What you are asked to do
Your task is to repeat the entries underneath exactly, minus the pictures.

*** Opening Records for processing ***

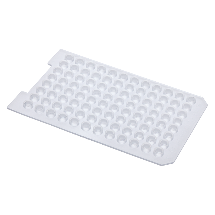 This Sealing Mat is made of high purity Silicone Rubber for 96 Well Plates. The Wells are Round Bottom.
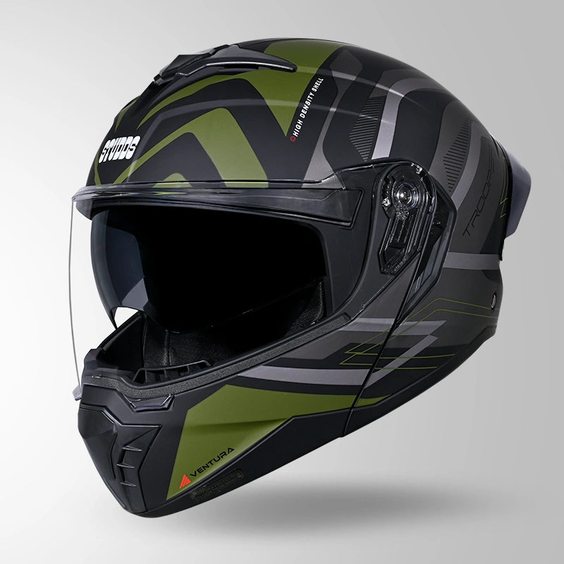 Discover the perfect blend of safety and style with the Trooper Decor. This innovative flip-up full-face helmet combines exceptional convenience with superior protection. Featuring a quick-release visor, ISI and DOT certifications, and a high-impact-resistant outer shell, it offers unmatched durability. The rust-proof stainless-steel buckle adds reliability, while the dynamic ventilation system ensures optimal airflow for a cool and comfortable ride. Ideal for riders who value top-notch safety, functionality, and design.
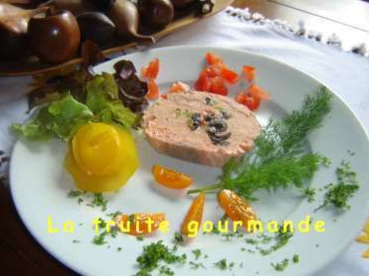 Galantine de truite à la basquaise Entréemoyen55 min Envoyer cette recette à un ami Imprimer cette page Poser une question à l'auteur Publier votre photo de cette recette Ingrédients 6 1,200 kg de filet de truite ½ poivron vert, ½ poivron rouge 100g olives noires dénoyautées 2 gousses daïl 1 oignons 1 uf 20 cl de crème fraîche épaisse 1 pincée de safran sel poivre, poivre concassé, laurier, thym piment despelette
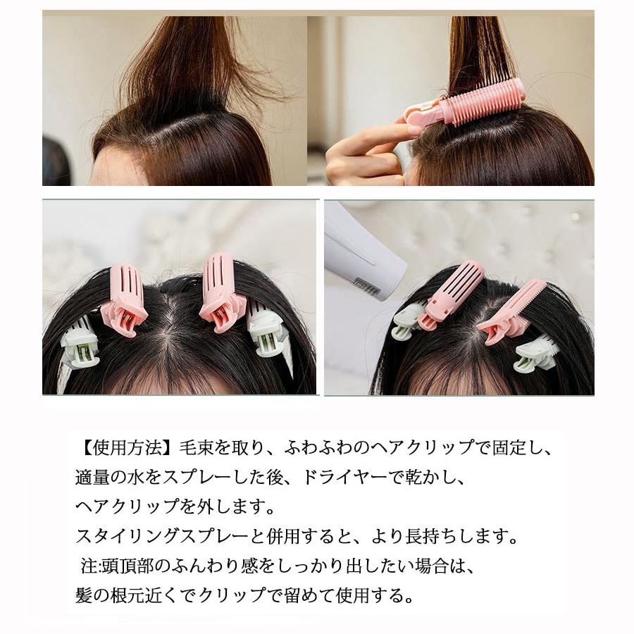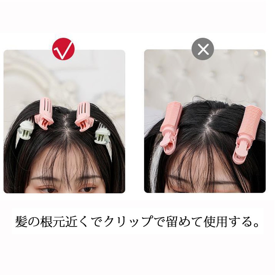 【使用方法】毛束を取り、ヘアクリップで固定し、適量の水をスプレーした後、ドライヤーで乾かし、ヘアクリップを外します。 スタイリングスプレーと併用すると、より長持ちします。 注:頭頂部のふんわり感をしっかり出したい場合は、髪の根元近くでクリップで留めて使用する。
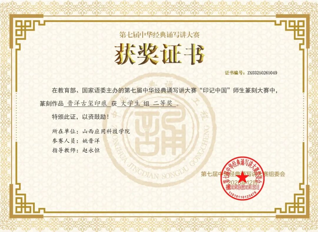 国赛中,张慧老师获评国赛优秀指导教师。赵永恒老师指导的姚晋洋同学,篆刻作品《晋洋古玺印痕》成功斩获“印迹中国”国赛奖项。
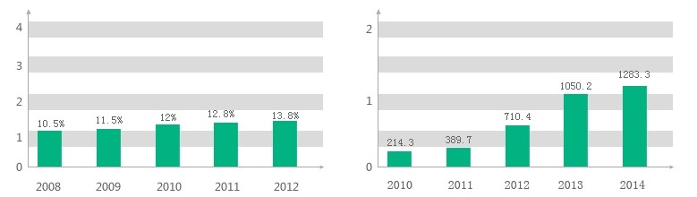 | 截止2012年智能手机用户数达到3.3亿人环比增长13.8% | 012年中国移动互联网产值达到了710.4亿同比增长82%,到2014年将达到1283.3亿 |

*** Closing Records for processing ***

Response to this task
 This Sealing Mat is made of high purity Silicone Rubber for 96 Well Plates. The Wells are Round Bottom.
 Discover the perfect blend of safety and style with the Trooper Decor. This innovative flip-up full-face helmet combines exceptional convenience with superior protection. Featuring a quick-release visor, ISI and DOT certifications, and a high-impact-resistant outer shell, it offers unmatched durability. The rust-proof stainless-steel buckle adds reliability, while the dynamic ventilation system ensures optimal airflow for a cool and comfortable ride. Ideal for riders who value top-notch safety, functionality, and design.
 Galantine de truite à la basquaise Entréemoyen55 min Envoyer cette recette à un ami Imprimer cette page Poser une question à l'auteur Publier votre photo de cette recette Ingrédients 6 1,200 kg de filet de truite ½ poivron vert, ½ poivron rouge 100g olives noires dénoyautées 2 gousses daïl 1 oignons 1 uf 20 cl de crème fraîche épaisse 1 pincée de safran sel poivre, poivre concassé, laurier, thym piment despelette
 【使用方法】毛束を取り、ヘアクリップで固定し、適量の水をスプレーした後、ドライヤーで乾かし、ヘアクリップを外します。 スタイリングスプレーと併用すると、より長持ちします。 注:頭頂部のふんわり感をしっかり出したい場合は、髪の根元近くでクリップで留めて使用する。
 国赛中,张慧老师获评国赛优秀指导教师。赵永恒老师指导的姚晋洋同学,篆刻作品《晋洋古玺印痕》成功斩获“印迹中国”国赛奖项。
 | 截止2012年智能手机用户数达到3.3亿人环比增长13.8% | 012年中国移动互联网产值达到了710.4亿同比增长82%,到2014年将达到1283.3亿 |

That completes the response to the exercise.